Adriana Konjarski

Personal information
- Full name: Adriana Konjarski
- Birth name: Adriana Jones
- Date of birth: 11 October 1995 (age 29)
- Place of birth: Australia
- Position(s): Striker

Senior career*
- Years: Team / Apps / (Gls)
- 2013–2014: Newcastle Jets / 6 / (0)
- 2015–2016: Newcastle Jets / 8 / (1)
- 2016–2018: Adelaide United / 20 / (9)
- 2018–2019: Melbourne City / 9 / (1)
- 2019: South Melbourne / 8 / (8)
- 2022: Warners Bay / 15 / (33)
- 2022–2023: Newcastle Jets / 9 / (1)
- 2023–2024: Broadmeadow Magic

= Adriana Konjarski =

Australian football (soccer) player

Adriana Konjarski (born 11 October 1995) is a retired Australian women's association football player who played for Newcastle Jets, Adelaide United, and Melbourne City in the A-League Women as well as for South Melbourne, Warners Bay, and Broadmeadow Magic in the National Premier Leagues Women's.

==Personal life==
Jones is the daughter of former NSL player and former Newcastle Jets head coach Mark Jones.

==Club career==
=== Newcastle Jets ===
Jones signed for Newcastle Jets in 2013. After a season off, Jones re-joined Newcastle Jets in October 2015.

===Adelaide United===
Jones joined Adelaide United ahead of the 2016–17 season. Jones went on to score nine goals during her first season for Adelaide. Jones also completed a hat trick during the 12th round clash against Western Sydney Wanderers.

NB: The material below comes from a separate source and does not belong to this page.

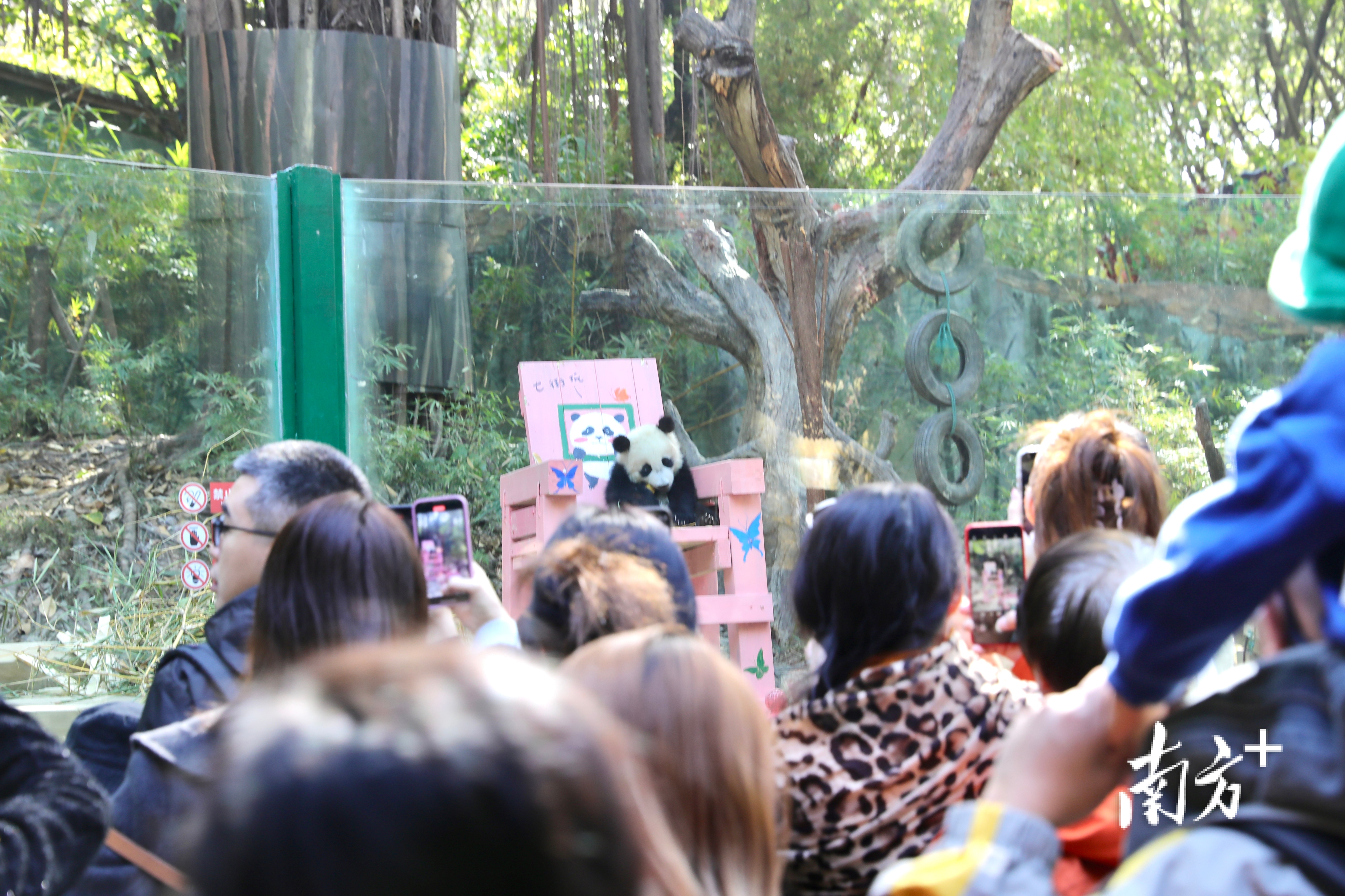 “刚刚看到‘妹猪’啦!它在树上睡觉,被保育员给抱下来放在椅子上,在椅子上吃东西。”在园区内,有一家三口刚从熊猫展区出来,女主人兴奋地告诉南方+记者,一家人都很高兴,孩子非常喜欢熊猫。

=== Zhuhai Suoka Guangdong Football Club ===
Jones would go onto spending some time at the Chinese outfit before returning to Adelaide for the 2017–18 season. She would go on to score 13 times while playing in China.

=== Melbourne City ===
Jones would go on to join her third W-League side for the 2018–19 season for Melbourne City.

=== South Melbourne ===
For the 2019 WNPL season, Jones signed for the former NSL side, South Melbourne. Debuting against Bulleen Lions, Jones would go on to score for her latest club the following game very early on against Senior NTC.

=== Return to Newcastle Jets ===
In October 2022, following a break-out season in the second tier with Warners Bay, Konjarski returned to the professional level, returning to her first club, Newcastle Jets.

=== Broadmeadow Magic ===
In February 2023, Konjarski returned to the National Premier Leagues Women's, joining Broadmeadow Magic. After leading the goalscoring with 35 goals including a grand final stoppage time winner, Konjarski announced her retirement in March 2024.